- Directed by: Howard J Ford
- Screenplay by: Gary Grant Niall Johnson
- Produced by: Tom George;
- Starring: Ed Westwick;
- Production company: Happy Hour Productions;
- Release date: 2024;
- Country: United Kingdom
- Language: English

= DarkGame =

British crime thriller film

DarkGame is a 2024 British crime thriller film directed by Howard J Ford and starring Ed Westwick.

==Premise==
A killer live streams his murders on the Dark Web in the form of a twisted game show.

==Cast==
- Ed Westwick as Ben Jacobs
- Rose Reynolds as Lisa Jacobs
- Andrew P. Stephen as The Presenter
- Natalya Tsvetkova as Katia
- Lola Wayne as Cathy
- Rory Alexander as Parker
- Joe Urquhart as Sam
- Anthony Ofoegbu as Captain Larson
- Marc Danbury as Agent Jackson
- Rick Yale as Larch

==Production==
The film was written by Gary Grant and Niall Johnson and directed by Howard J Ford. Tom George was the producer for Happy Hour Productions. George showed the script to Ford who chose to direct the film because he described it as "cool thriller with a character that has the potential to give it a bit of heart, and it was also kind of noirish. I thought I could make something totally different to the other films I've done".
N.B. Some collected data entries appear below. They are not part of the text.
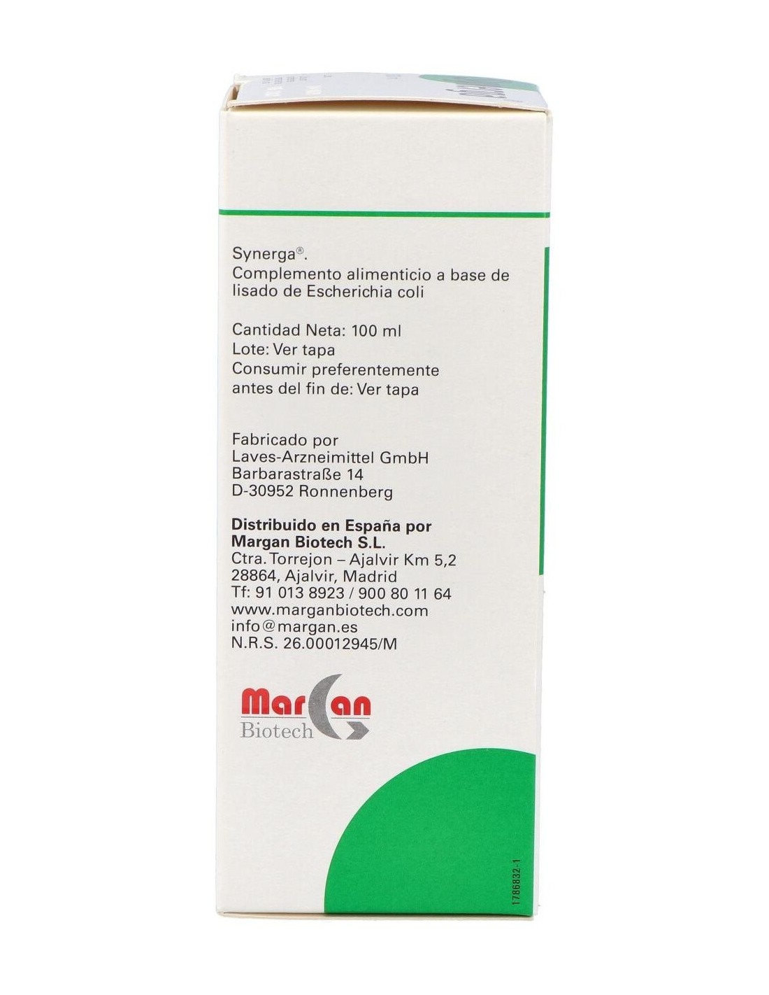 Lisado de Escherichia coli ( cepa Laves1931) 11,05 x 108. Lactosa (procedente de la leche) 0,84g, glucosa 0,07g, cloruro sódico 0,04g, agua purificada. Aditivos: conservante (etanol) 0,26g
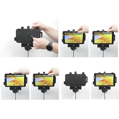 Die Halterung ist sehr stabil, das Tablet bleibt nicht darin hängen und vibriert nicht. Die Halterung wird am Brodit ProClip oder an Brodit-Montagesockeln und -Armen befestigt.
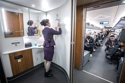 列车员拿着“保持安静”的提示牌在静音车厢内巡视提醒。

It starred Ed Westwick alongside Rose Reynolds, Andrew P Stephen, Natalya Tsvetkova, Lola Wayne, and Rory Alexander as well as Joe Urquhart, Anthony Ofoegbu and Marc Danbury.

Although set in Portland, Oregon, principal photography largely took place in Bristol, England. The film entered post-production in 2022.

==Release==
The film had a limited theatrical release on 20 February 2024, and had a digital media release on 21 October 2024.